June 11, 2014 George Foster

Ethics in Fell Running: An Essay

Well, I’ve put paid to the idea of monthly ‘reports’ of a self-gratifying nature. Instead I’m succumbing to ataxia style ramblings whenever thoughts come into my head or events transpire to warrant some text. My boss at work asked me the other day if I was a ‘reader’ (implying that I don’t use big words much), so I’m practising some here, ready to unleash them upon perfection. 

(This should also serve as a warning that there are not many pictures in the post (one, maybe two) so if you’re bored at this opening gambit then best waste your days on something else cos it’s all downhill from here!)

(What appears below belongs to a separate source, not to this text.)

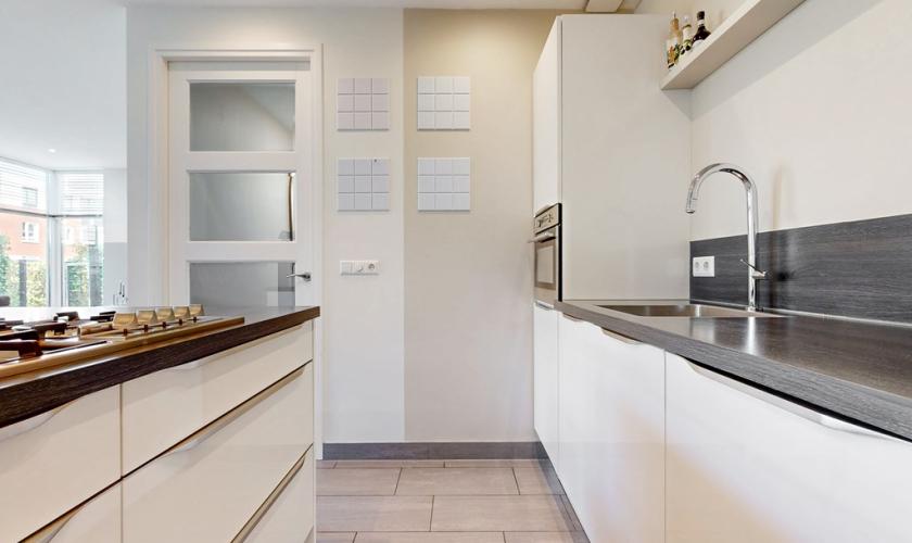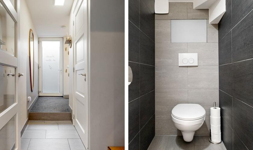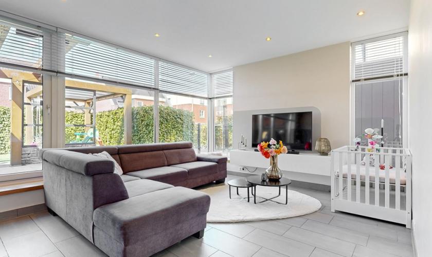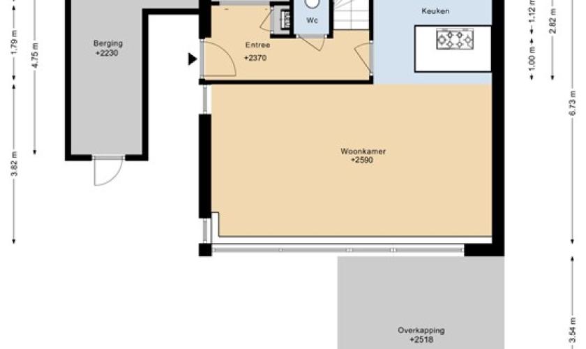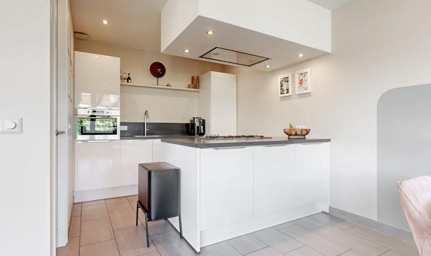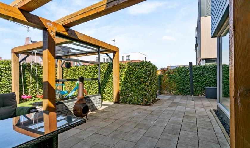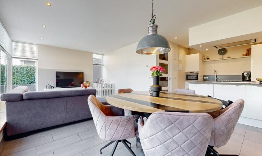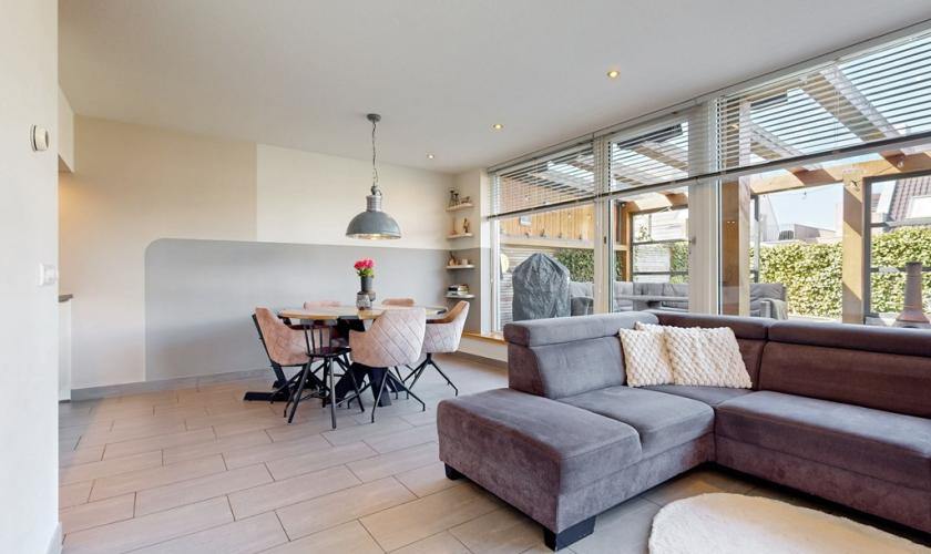 Bij binnenkomst treft u een nette entree met toegang tot het toilet en de meterkast. Vanuit hier loopt u door naar de ruime en lichte woonkamer, die naadloos overgaat in de moderne keuken. De woonkamer vormt het centrale leefgedeelte en biedt via een schuifdeur toegang tot de overkapping in de tuin – een heerlijke plek om al vroeg in het seizoen van het buitenleven te genieten.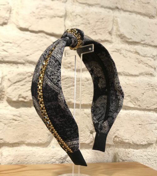 Lacivert Şal Desenli Kumaş Ve Kristal Taş Detaylı Taç

Why pray tell are you being regaled by yet more tales of climbing/running derring-do in such a short space of time?! Good question, with a simple answer……this weekend just gone was meant to be the 2nd and 3rd British and English Championship race of the 2014 season respectively. I say meant to be cos the weather had a big say in the matter, resulting in a slightly shortened course without any of the peaks or hills on the original Ennerdale Horseshoe being used at all. Shame. What we had instead was a fast trail race over a couple of slight passes to a fair climb up to just below Great Gable followed by a long, tedious drag along wide tracks back down the valley. 21 and a bit miles by my watch. 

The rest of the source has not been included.